Dataset content START

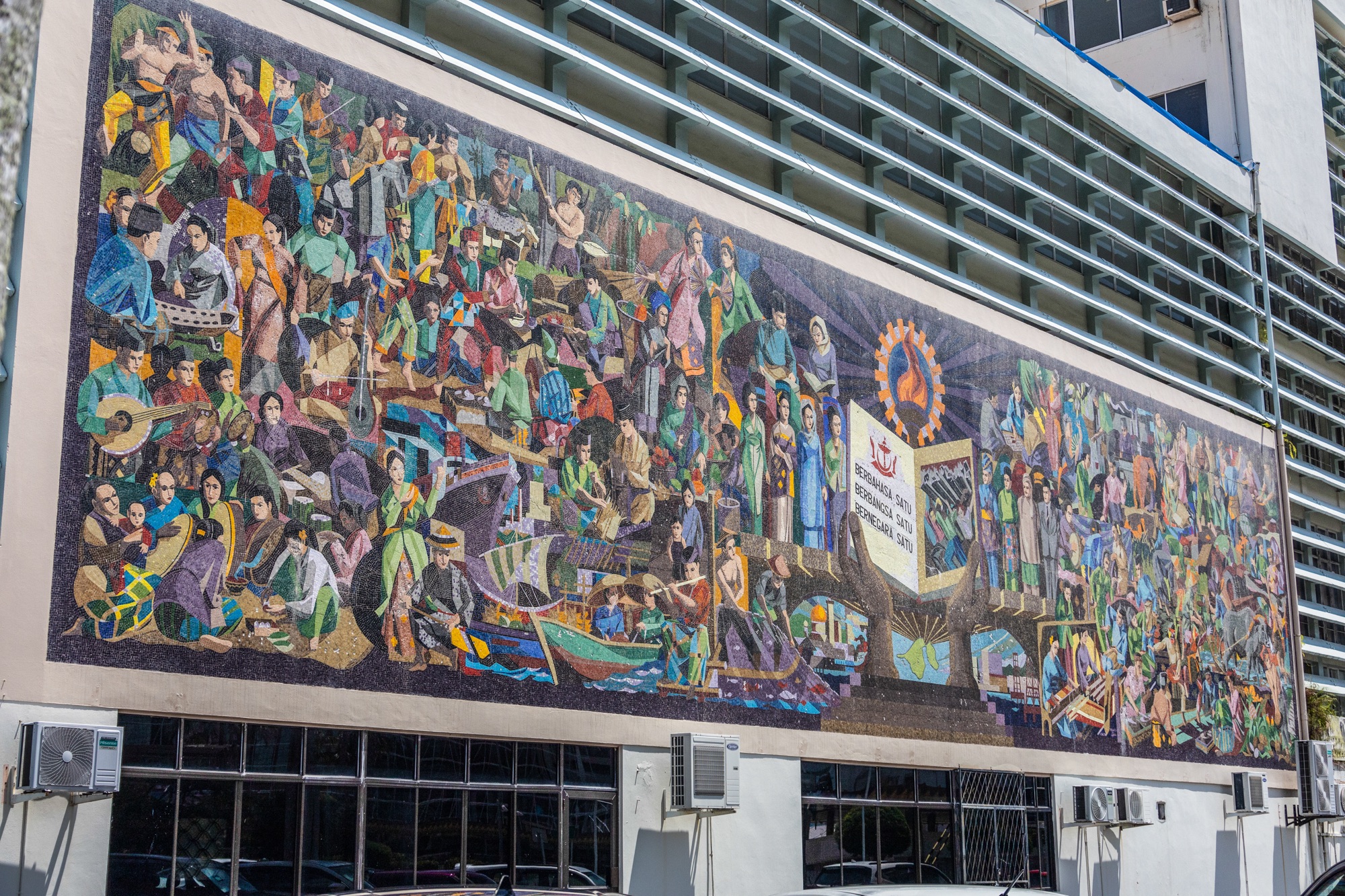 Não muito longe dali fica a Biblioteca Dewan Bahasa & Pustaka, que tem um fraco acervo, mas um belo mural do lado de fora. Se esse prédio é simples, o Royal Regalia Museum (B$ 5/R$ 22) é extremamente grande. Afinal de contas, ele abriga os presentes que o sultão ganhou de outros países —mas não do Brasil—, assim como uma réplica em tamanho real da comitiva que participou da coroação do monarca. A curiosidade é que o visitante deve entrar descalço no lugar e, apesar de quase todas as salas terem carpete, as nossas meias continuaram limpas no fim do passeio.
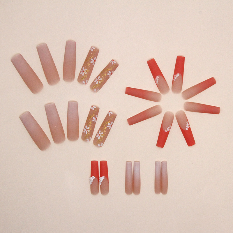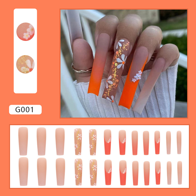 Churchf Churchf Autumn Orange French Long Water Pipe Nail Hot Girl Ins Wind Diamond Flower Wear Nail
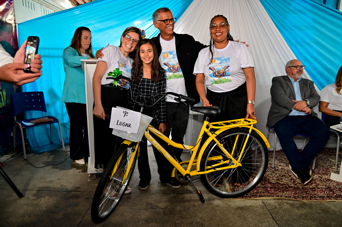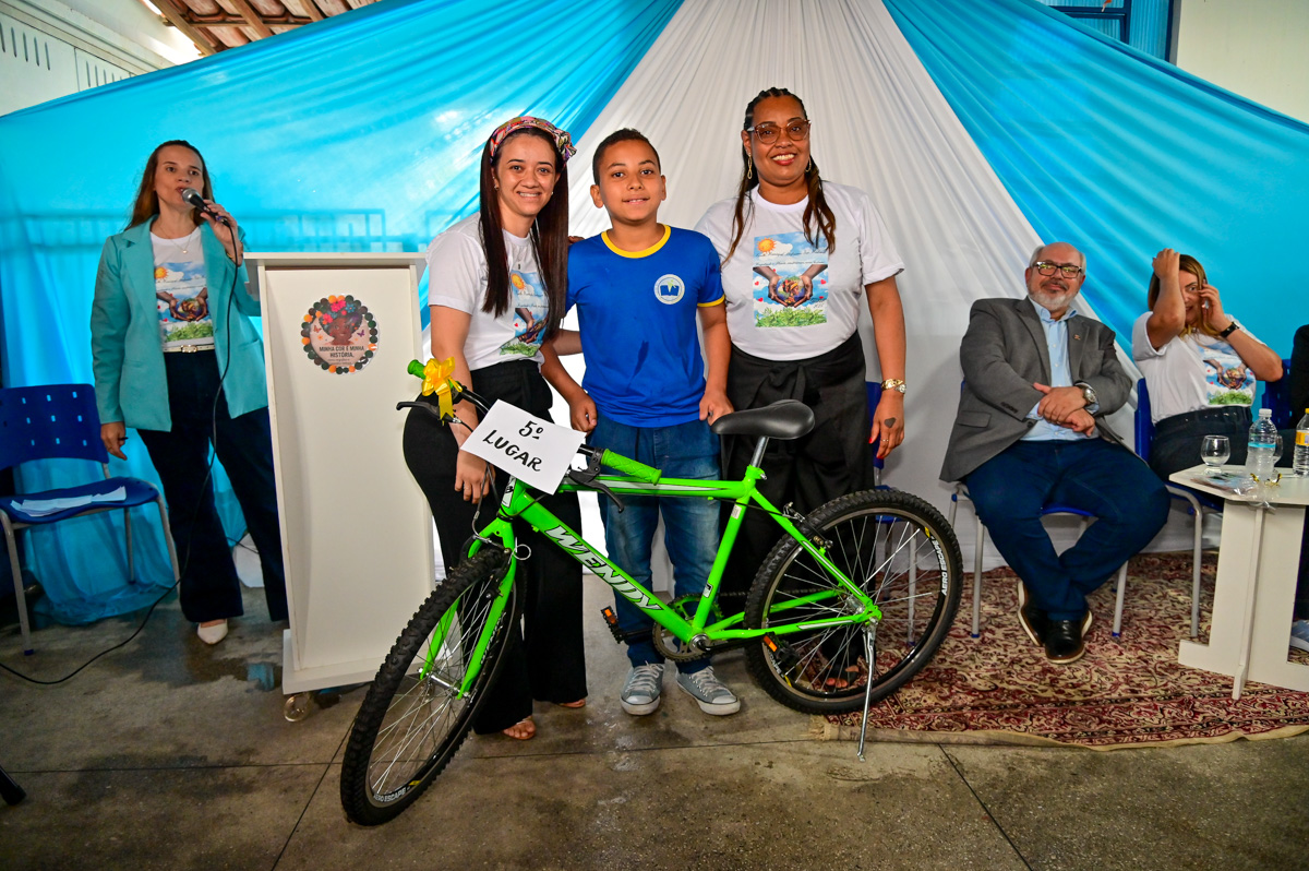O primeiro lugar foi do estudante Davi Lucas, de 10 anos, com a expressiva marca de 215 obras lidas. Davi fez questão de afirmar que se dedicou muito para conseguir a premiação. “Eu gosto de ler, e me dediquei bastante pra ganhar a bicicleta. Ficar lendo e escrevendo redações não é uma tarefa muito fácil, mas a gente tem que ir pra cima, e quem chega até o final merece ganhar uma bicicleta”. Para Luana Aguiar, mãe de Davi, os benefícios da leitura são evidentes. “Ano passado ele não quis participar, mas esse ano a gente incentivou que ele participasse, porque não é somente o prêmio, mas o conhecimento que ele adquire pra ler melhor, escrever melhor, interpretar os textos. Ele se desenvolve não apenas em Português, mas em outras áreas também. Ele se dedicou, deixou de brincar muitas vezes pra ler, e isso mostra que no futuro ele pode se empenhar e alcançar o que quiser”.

Dataset content END
Dataset content START

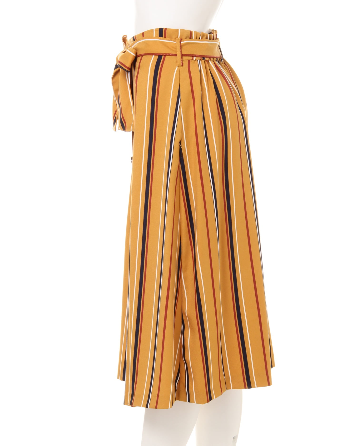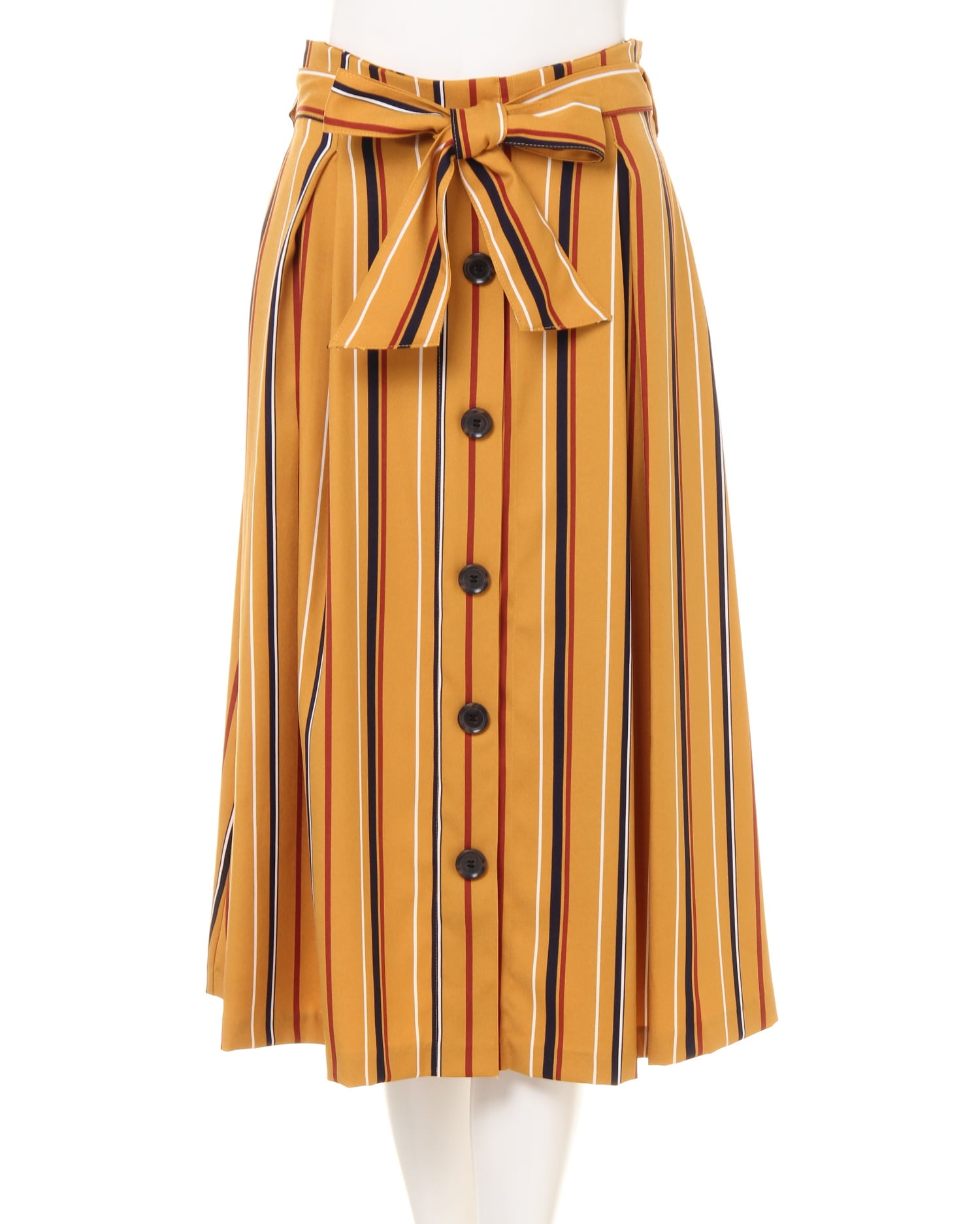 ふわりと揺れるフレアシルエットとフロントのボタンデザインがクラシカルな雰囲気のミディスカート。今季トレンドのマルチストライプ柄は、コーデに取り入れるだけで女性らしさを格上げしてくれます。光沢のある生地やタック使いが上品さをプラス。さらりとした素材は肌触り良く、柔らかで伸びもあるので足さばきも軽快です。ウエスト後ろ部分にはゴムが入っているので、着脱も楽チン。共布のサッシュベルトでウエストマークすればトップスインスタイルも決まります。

Dataset content END
Dataset content START

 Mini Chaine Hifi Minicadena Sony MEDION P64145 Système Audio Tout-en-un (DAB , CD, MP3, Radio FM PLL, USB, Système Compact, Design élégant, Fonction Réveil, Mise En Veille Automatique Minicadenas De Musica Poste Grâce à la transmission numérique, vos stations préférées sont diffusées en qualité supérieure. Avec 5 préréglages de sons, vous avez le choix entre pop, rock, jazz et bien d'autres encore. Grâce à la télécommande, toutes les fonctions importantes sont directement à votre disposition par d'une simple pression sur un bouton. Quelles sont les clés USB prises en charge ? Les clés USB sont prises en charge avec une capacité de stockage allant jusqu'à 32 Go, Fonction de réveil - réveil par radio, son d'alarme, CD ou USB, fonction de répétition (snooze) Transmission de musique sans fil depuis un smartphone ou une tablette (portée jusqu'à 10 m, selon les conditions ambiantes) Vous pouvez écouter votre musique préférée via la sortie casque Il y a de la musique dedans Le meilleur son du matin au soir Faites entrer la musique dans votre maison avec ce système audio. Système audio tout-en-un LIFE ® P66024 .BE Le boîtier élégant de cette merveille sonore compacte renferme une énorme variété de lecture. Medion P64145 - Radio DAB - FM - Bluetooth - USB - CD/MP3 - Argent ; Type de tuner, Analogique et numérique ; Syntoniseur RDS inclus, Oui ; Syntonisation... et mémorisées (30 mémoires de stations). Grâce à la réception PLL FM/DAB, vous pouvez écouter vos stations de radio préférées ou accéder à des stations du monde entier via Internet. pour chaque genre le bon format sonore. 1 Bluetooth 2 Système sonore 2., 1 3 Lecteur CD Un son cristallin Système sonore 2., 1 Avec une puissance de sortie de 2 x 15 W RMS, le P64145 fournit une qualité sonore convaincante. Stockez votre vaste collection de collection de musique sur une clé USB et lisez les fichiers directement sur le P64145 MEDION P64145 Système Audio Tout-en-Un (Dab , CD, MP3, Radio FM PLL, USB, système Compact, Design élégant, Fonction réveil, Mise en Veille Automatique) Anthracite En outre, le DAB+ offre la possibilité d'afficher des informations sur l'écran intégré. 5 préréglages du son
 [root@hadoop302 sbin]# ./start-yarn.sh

Dataset content END

» Your task: Go back to the lines above and output, exactly as they stand, the ones from the line containing "Não muito longe" to the line containing "Churchf Churchf Autumn". Leave all pictures behind.

» Result for this exercise:
 Não muito longe dali fica a Biblioteca Dewan Bahasa & Pustaka, que tem um fraco acervo, mas um belo mural do lado de fora. Se esse prédio é simples, o Royal Regalia Museum (B$ 5/R$ 22) é extremamente grande. Afinal de contas, ele abriga os presentes que o sultão ganhou de outros países —mas não do Brasil—, assim como uma réplica em tamanho real da comitiva que participou da coroação do monarca. A curiosidade é que o visitante deve entrar descalço no lugar e, apesar de quase todas as salas terem carpete, as nossas meias continuaram limpas no fim do passeio.
 Churchf Churchf Autumn Orange French Long Water Pipe Nail Hot Girl Ins Wind Diamond Flower Wear Nail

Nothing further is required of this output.